▶ WHAT THE TASK ASKS
Look through the data below for the line with "7~9年生は川根本町こども議", and transcribe it exactly together with each line after it up to and including the line with "Glitter Tropical Palm". Give nothing else.

▶ Items from a data source

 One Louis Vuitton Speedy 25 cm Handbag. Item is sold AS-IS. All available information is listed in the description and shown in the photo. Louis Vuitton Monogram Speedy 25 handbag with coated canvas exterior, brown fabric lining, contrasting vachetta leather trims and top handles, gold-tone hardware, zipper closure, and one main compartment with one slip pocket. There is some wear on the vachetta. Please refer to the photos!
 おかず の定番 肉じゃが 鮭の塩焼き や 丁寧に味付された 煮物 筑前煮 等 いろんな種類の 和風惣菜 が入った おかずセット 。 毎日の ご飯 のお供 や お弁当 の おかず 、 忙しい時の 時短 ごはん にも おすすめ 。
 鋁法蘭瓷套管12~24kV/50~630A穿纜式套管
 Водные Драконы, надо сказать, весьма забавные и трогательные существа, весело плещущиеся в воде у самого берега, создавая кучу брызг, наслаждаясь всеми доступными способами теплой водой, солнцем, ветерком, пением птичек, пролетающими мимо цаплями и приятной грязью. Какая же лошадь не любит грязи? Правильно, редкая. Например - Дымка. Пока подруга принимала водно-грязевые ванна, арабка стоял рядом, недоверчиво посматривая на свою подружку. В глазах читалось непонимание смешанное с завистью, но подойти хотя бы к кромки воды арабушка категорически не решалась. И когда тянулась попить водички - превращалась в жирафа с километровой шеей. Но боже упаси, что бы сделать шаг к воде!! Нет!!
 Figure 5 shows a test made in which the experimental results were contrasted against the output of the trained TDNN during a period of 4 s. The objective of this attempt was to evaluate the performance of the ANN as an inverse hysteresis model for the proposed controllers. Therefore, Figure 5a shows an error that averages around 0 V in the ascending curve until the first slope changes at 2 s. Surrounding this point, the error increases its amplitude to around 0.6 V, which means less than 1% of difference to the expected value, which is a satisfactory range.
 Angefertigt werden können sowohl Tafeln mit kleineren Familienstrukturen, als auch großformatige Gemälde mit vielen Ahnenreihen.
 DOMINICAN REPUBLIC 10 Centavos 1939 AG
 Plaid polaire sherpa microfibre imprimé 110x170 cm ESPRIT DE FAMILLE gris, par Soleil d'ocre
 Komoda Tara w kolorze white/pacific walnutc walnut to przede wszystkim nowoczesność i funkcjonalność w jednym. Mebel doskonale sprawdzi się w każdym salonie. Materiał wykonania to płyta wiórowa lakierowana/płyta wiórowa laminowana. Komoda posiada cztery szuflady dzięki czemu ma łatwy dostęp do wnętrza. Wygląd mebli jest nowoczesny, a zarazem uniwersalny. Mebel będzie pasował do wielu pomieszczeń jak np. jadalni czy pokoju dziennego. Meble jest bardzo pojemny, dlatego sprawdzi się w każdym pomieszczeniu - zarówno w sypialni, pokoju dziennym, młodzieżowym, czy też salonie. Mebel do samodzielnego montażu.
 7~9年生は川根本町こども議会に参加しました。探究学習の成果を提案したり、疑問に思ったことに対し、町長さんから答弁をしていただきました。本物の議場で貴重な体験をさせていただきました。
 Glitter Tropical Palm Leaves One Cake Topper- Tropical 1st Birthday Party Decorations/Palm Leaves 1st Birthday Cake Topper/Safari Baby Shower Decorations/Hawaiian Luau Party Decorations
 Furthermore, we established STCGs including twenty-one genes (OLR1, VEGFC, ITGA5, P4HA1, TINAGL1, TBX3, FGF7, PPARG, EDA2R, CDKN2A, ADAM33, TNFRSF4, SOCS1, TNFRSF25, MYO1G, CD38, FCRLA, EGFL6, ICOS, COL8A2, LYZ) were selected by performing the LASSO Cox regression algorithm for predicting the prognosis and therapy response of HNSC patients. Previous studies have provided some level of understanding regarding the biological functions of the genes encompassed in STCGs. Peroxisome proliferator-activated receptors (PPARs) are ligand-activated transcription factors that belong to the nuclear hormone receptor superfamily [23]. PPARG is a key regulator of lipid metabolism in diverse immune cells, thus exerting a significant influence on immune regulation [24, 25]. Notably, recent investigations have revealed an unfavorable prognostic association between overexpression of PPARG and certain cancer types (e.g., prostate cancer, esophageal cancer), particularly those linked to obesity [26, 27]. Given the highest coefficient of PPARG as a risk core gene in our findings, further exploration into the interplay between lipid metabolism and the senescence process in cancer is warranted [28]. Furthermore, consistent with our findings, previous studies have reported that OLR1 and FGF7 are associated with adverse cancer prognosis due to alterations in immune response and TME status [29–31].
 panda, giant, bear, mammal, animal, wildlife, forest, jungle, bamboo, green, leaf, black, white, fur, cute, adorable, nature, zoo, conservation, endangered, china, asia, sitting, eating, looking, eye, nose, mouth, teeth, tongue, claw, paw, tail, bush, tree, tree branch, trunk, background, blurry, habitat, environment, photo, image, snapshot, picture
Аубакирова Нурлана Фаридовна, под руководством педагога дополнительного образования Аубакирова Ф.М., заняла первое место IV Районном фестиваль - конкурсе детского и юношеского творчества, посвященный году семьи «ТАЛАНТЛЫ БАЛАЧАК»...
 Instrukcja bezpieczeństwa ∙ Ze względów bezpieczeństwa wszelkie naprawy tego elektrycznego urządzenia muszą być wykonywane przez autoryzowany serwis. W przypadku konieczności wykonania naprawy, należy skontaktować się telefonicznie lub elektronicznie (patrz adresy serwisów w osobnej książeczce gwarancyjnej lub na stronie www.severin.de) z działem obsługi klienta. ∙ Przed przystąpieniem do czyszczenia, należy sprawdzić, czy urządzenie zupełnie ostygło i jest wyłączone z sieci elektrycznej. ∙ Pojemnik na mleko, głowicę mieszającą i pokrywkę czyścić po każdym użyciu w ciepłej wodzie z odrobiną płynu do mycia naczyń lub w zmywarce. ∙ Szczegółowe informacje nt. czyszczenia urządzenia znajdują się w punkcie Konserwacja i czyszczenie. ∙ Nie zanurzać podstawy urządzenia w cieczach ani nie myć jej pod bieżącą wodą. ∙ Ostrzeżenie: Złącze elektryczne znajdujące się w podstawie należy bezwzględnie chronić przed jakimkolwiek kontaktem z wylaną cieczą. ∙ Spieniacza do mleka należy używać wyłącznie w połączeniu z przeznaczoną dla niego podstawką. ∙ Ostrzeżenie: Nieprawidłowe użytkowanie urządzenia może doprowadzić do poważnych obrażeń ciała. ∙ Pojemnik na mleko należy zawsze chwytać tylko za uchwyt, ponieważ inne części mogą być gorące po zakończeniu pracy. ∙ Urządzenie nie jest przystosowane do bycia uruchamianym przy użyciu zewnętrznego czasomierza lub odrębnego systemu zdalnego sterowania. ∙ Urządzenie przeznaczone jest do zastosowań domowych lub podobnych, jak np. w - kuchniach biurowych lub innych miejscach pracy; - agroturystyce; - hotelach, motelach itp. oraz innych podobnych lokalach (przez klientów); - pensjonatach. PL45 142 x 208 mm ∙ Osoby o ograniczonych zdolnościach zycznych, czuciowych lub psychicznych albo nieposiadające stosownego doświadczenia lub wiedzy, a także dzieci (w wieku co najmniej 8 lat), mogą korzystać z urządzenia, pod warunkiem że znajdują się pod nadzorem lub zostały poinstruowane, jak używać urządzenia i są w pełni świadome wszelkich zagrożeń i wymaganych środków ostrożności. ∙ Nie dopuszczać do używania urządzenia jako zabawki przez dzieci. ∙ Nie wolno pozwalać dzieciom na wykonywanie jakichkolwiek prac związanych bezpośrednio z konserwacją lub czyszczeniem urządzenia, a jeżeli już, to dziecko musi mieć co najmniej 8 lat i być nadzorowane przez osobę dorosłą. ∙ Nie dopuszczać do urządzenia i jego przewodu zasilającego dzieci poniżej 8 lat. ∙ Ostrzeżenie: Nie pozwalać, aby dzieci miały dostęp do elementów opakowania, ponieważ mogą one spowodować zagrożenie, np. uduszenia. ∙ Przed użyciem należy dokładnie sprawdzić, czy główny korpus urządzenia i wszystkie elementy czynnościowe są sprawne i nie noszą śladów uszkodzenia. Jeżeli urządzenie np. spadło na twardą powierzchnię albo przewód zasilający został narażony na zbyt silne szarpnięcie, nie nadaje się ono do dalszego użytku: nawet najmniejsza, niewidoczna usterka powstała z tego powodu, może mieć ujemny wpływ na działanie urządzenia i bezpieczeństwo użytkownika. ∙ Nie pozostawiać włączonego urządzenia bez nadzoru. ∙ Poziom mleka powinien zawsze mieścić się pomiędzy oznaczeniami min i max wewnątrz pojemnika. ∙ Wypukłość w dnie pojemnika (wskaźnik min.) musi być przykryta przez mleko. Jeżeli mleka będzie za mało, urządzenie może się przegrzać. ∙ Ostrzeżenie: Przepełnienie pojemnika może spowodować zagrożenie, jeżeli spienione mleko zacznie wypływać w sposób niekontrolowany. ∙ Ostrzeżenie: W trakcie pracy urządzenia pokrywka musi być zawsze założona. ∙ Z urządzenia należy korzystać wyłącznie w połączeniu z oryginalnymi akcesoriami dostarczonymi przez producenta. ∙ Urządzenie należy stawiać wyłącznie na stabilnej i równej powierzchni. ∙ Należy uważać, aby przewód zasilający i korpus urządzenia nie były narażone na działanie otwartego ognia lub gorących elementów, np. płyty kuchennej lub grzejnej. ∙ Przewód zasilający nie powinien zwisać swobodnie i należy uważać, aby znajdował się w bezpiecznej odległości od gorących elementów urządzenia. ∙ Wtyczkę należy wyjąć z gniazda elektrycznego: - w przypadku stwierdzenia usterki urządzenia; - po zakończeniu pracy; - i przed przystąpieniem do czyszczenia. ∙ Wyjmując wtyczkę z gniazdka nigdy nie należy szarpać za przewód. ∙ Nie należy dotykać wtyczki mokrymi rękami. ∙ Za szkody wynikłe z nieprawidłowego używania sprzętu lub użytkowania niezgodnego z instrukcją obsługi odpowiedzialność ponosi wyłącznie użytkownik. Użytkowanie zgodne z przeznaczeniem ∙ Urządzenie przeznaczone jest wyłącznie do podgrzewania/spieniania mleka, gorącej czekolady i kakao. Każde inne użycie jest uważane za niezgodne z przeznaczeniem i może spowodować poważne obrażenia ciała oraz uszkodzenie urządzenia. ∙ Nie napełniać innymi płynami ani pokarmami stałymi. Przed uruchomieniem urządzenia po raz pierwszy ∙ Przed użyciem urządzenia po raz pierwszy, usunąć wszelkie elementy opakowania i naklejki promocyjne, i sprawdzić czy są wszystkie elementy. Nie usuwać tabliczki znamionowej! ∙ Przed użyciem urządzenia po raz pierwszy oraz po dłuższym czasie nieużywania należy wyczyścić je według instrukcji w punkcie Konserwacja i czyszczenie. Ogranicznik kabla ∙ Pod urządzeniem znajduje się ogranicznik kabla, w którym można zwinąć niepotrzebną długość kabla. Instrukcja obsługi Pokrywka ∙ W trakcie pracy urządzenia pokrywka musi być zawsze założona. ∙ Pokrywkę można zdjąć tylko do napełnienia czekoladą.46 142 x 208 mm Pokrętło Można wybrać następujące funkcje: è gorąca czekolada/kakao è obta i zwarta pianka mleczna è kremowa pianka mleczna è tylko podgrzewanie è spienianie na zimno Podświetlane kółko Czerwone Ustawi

▶ ANSWER BOX
 7~9年生は川根本町こども議会に参加しました。探究学習の成果を提案したり、疑問に思ったことに対し、町長さんから答弁をしていただきました。本物の議場で貴重な体験をさせていただきました。
 Glitter Tropical Palm Leaves One Cake Topper- Tropical 1st Birthday Party Decorations/Palm Leaves 1st Birthday Cake Topper/Safari Baby Shower Decorations/Hawaiian Luau Party Decorations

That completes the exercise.